Exercise requirements: Pictures aside, reproduce exactly and only the lines below, starting at the one containing "BEAUHARNAIS Eugène deLettre" and ending at the last line.

Records to use:
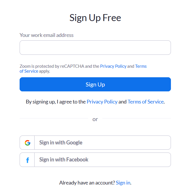 Start by going to the Zoom website, sign up, and open an account. You can set up your account with your email address or sign in with Google or Facebook.
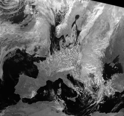 Auf dem Satellitenbild ist über Mitteleuropa die zelluläre Bewölkung in labilisierter eingeflossener Polarluft erkennbar. Die Iberische Halbinsel und der Westen Frankreichs liegen bereits unter Einfluss des Hochdruckgebietes 'Vanessa' und sind größtenteils wolkenfrei.
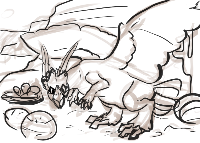 Weiter haben wir noch eine Skizze für die Braviary/Flygon-Fusion:
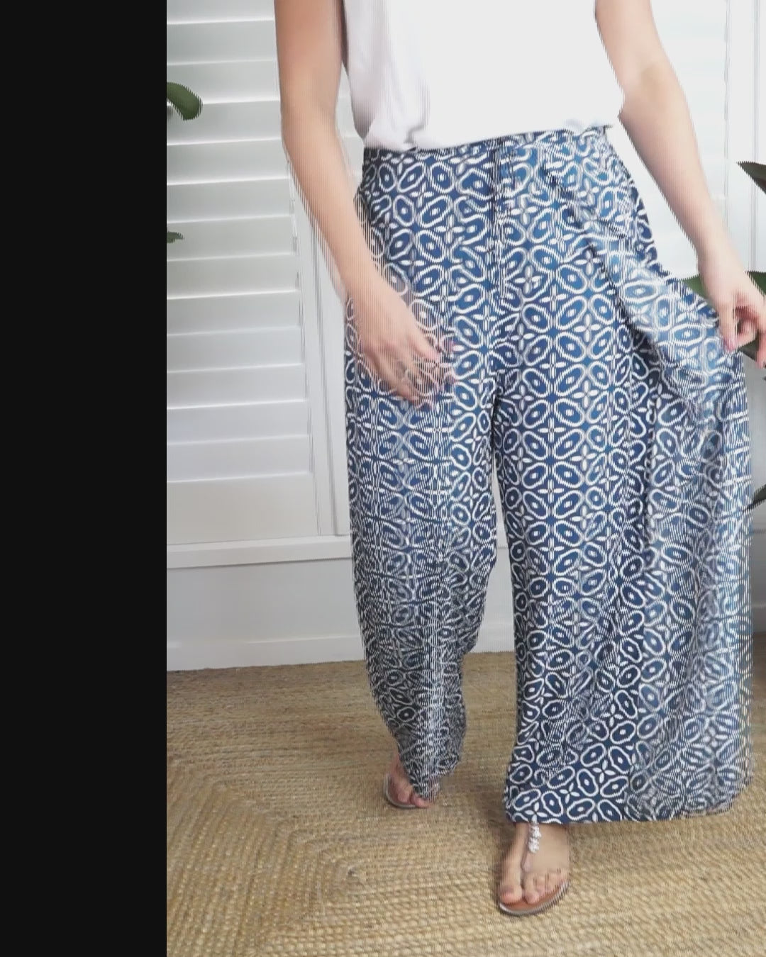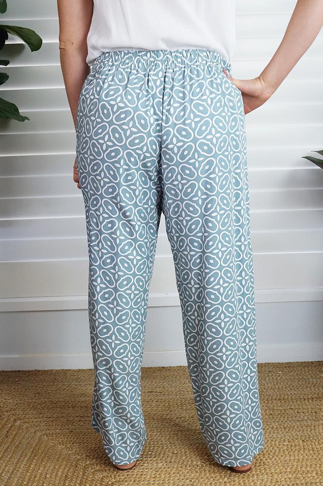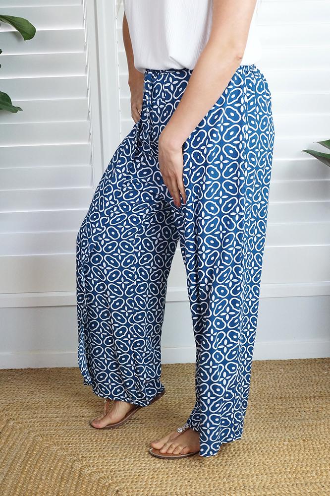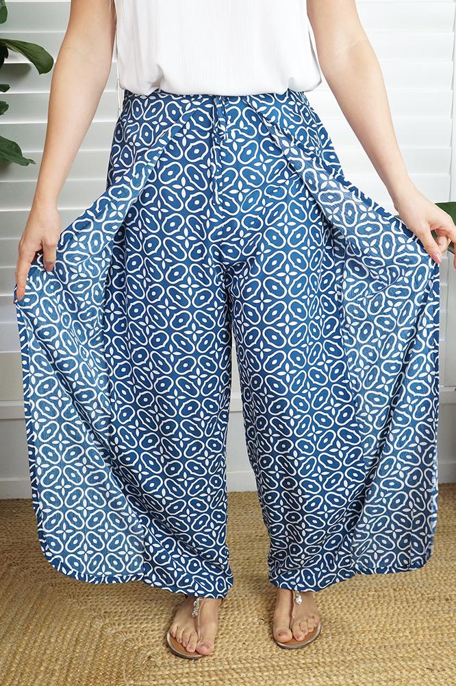 The "Links" print Wrap Around pant, made from a comfortable rayon has an elastic waist band on the back which makes a great fit. One size to fit 10 up to size 16.
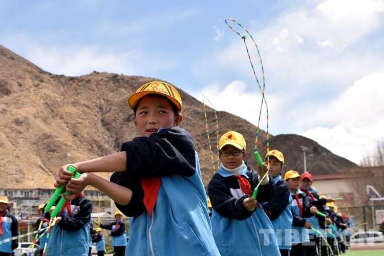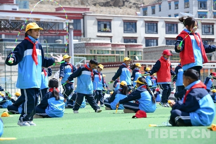 圖為活動現(xiàn)場學生在學跳繩 攝影:次旦拉姆
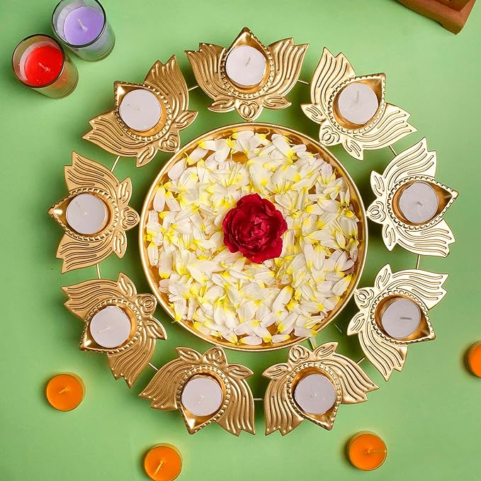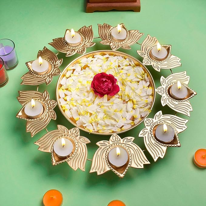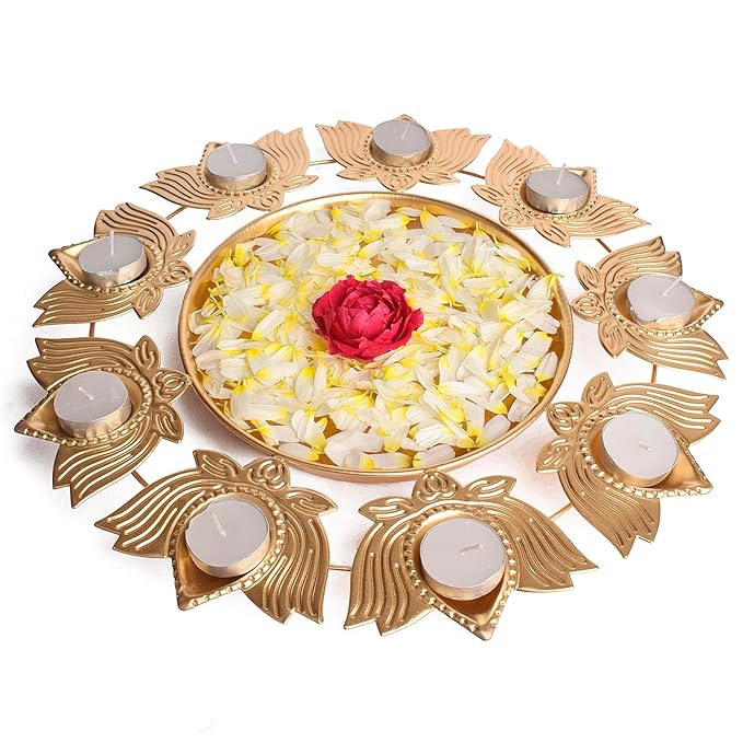 Buy Now | Lotus Petals Shape Metal Urli With Tea Light |Satvikstore.in – satvikstore.in
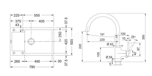 FRANKE SETG277O fragranitový drez 780x500 mm MRG 611-78 BB+batéria FC 6018.071 Onyx
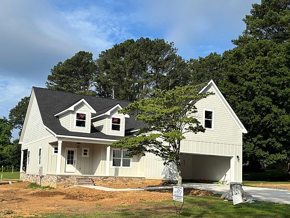 The exterior features covered front and back porches, ideal for enjoying morning coffee or evening breezes. A spacious two-car garage provides ample parking and storage.
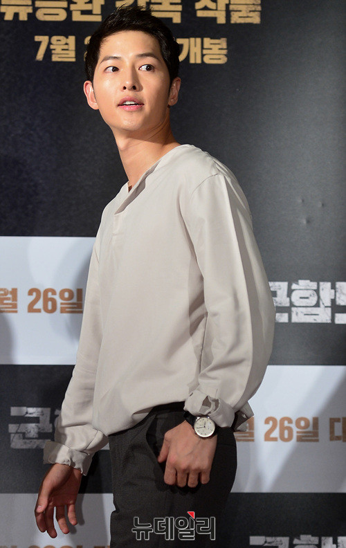 배우 송중기가 20일 오후 서울 용산CGV에서 열린 영화 '군함도' VIP 시사회에 참석해 포토타임을 갖고 있다. 송중기는 군함도에 잠입하는 광복군 박무영 역을 맡았다.
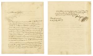 BEAUHARNAIS Eugène deLettre autographe signée, adressée au général Bertrand. Bade, Grand Duché, 23 juillet 1821 ; 1 page in-4°. Admirable lettre sur la mort de Napoléon. « J'ai appris par les papiers publics d'Angleterre et de France la perte douloureuse que nous avons faite en la personne de l'Empereur...
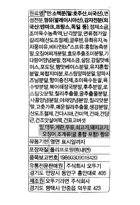 OTTOGI[오뚜기] 오동통면 120g*1개입KRW700출시일2020-08-06입고(예정)일2022-02-22마일리지0상품코드GD00046493판매수량352배송비3,000원 (3만원 이상 무료배송)

Task answer:
 BEAUHARNAIS Eugène deLettre autographe signée, adressée au général Bertrand. Bade, Grand Duché, 23 juillet 1821 ; 1 page in-4°. Admirable lettre sur la mort de Napoléon. « J'ai appris par les papiers publics d'Angleterre et de France la perte douloureuse que nous avons faite en la personne de l'Empereur...
 OTTOGI[오뚜기] 오동통면 120g*1개입KRW700출시일2020-08-06입고(예정)일2022-02-22마일리지0상품코드GD00046493판매수량352배송비3,000원 (3만원 이상 무료배송)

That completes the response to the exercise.